14 July 2012

Stalking Virg Clenthills Blues

 
HOE DOWN in Snowdonia
 
 
In a marquee in Snowdonia, Richard Gibbs catches up with country music “legend” Virgil Clenthills III, alter ego of Gareth Owen, poet, novelist and former presenter of BBC Radio 4’s “Poetry Please”…..

 

The sun is sinking, like a plum in an oil slick.  Canvas flaps, earth and crushed grass churn underfoot.  Hilary greets us as we slip into the warmth of her marquee, steel pegs and raw sisal upholding the peace.  Outside the sun goes on sinking, while the river shivers on into the sea, past darkening trees and strands of salt marsh.  Inside we are cheered with fizzy wine and propelled into a barn dance.
 
It’s a well drilled melee: the caller expertly corralling the herd: Penny swings with actor John; Lucia does the doz-e-doh with a slender man in a black Stetson – could it be Virgil Clenthills III?  The sheep-shorn beard, the crushed lilac top, the yellowing cowboy boots – this had to be the country legend, the one, the only, the man of whom it was once said, “‘If you've ever woken up with a broken heart in one hand and an empty bourbon bottle in the other - Virg is singing just for you.”  My wife pretends to swoon; I pretend to catch her.  The author of “A Song for Hank Williams,” is just a step away.

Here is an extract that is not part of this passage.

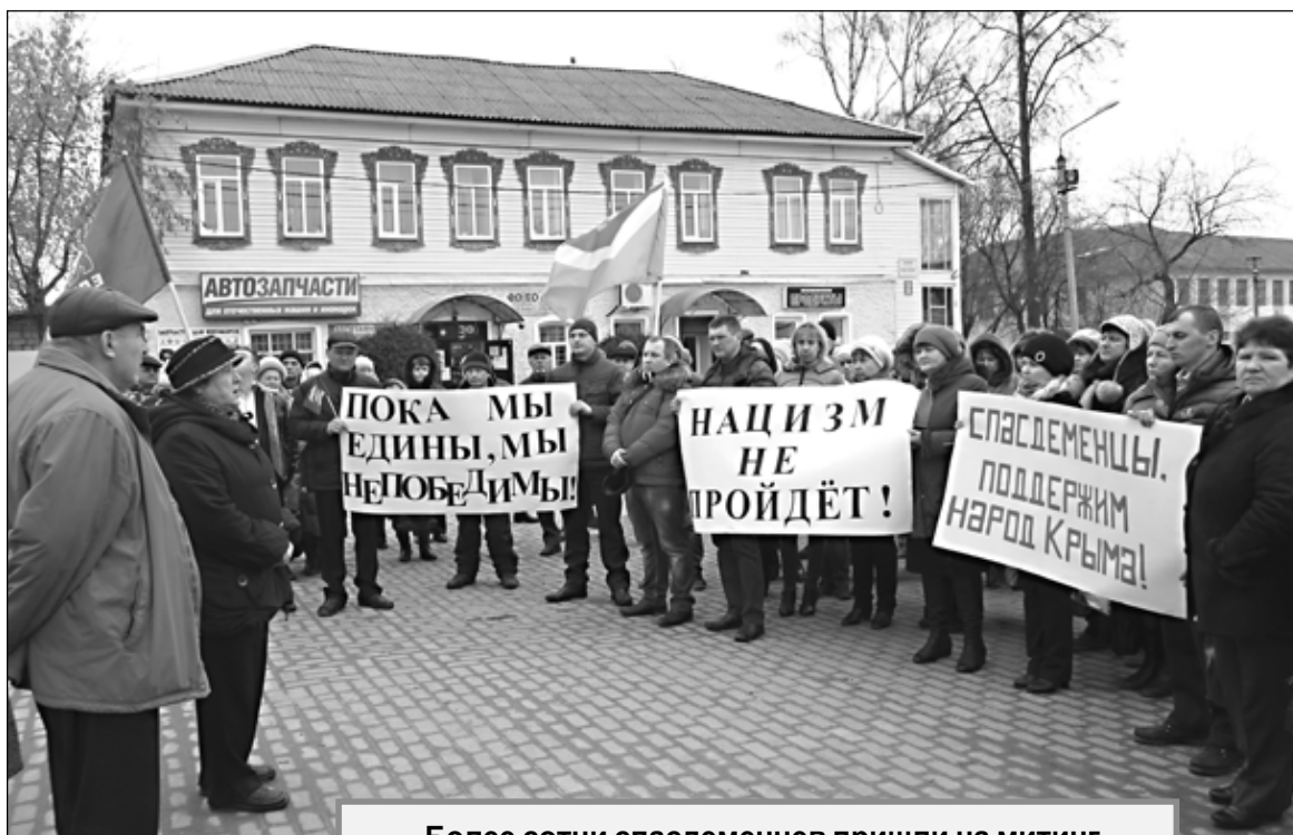
Более сотни спасдеменцев пришли на митинг в поддержку народа Украины.

Virgil Clenthills swears he was born in August 1939 in Intercourse, Missouri, son of an illegal English immigrant and half Shoshone Virginia Mae Pluckett who then orphaned him at the age of five with a Packard. But really Virg was created by Gareth Owen at 70, in Ludlow.


As Virg recalls, he launched his “World Tour of Ludlow, Presteigne, Ross and B’ham,” in 2010 to avoid the limelight, and tonight we find him in Bontddu, in the Snowdonia National Park, on The Dolgellau to Barmouth Mawddach Trail.  Now, as the sheep draw near, bleating like Tennessee crickets, Virg sets up his keyboard and exposes his country veins, lurching into “Stone Drunk Again” with barely a glance at the words.

Then, as the Welsh Whisky flows, we join in the chorus of “Happy with That,” a classic tale of degeneracy and domestic discord on a run-down Kentucky homestead.


Later, we cross the creaking bridge back to the George III Hotel at Penmaenpool, the moon above like a pearl set on black satin, singing:

“Yes I once met a man

Who talked with a man

    Who saw Jesse James riding by….”

 
 

 

Richard Gibbs

October 14th 2012
 
Entered for the Guardian Travel Writing Competition, 2012, An Encounter category - not even a runner up.....  Probably classed as more hip-replacement than hip!